Work to complete: With the pictures left out, set down the line containing "Bu bulmaca ve" and each line after it to the end of the material, exactly as written.

*** Begin section ***

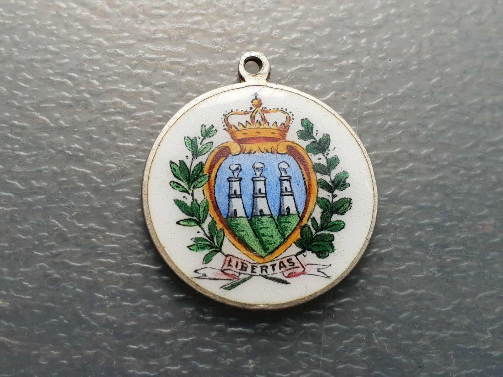 SAN MARINO MEDALLA CON ESCUDO DEL PAIS PLATA Y ESMALTES 25×22 mm
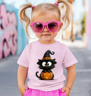 Różowa koszulka dla dziewczynki na Dzień Dyni z dynią - kotdynia70
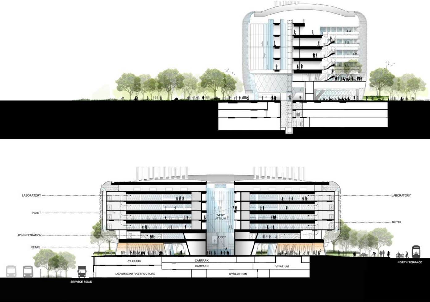 AE Interest: Visual connection between floors via large spiral staircase | Adaptable transparent triangulated dia-grid facade | Parklands extend below lifted structure | LEED Gold
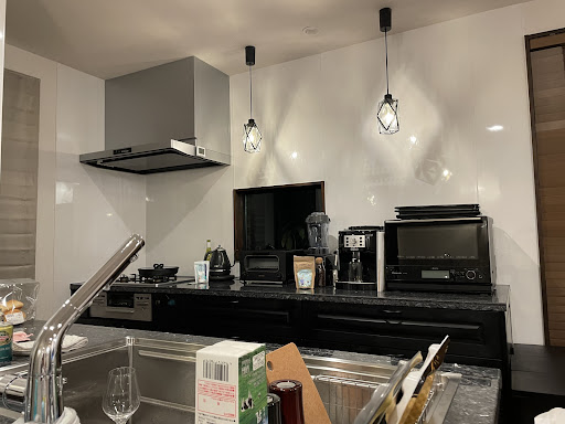 せっかくステキな家電や食器があるので、1日目の夜はVillaでお料理(サラダ、しゃぶしゃぶ、チャンプルーなど)を作って食べました。 自分の家でお料理をしているくらい、いろんなキッチン用品がそろっていて(家電は自宅よりも良いものばかりでした!笑)、カセットコンロもあり、鍋もフライパンもサイズが多様だったので、大人数の料理作りにも助かりました。 炊飯器も、バルミューダのトースターもあったので、朝ごはんは、パンもご飯も食べれて良かったです!コーヒーマシンと豆もあったので、美味しいコーヒーも一緒に飲めて、良い朝を過ごせました!
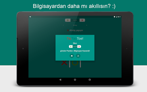 Bu bulmaca ve strateji oyununda bilgisayar ile kendinize sorun. Tic Tac Toe oyununun mantığı, göreceğiniz en iyi oyunlardan biridir ve bir oyun eğlencesi kalırken beyin eğitimine izin verir.
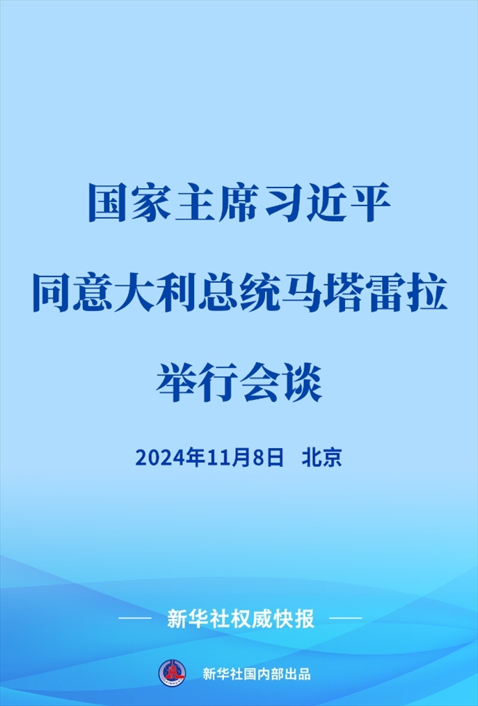 11月8日下午,國家主席習(xí)近平在北京人民大會堂同來華進行國事訪問的意大利總統(tǒng)馬塔雷拉舉行會談。

*** End section ***

Final answer:
 Bu bulmaca ve strateji oyununda bilgisayar ile kendinize sorun. Tic Tac Toe oyununun mantığı, göreceğiniz en iyi oyunlardan biridir ve bir oyun eğlencesi kalırken beyin eğitimine izin verir.
 11月8日下午,國家主席習(xí)近平在北京人民大會堂同來華進行國事訪問的意大利總統(tǒng)馬塔雷拉舉行會談。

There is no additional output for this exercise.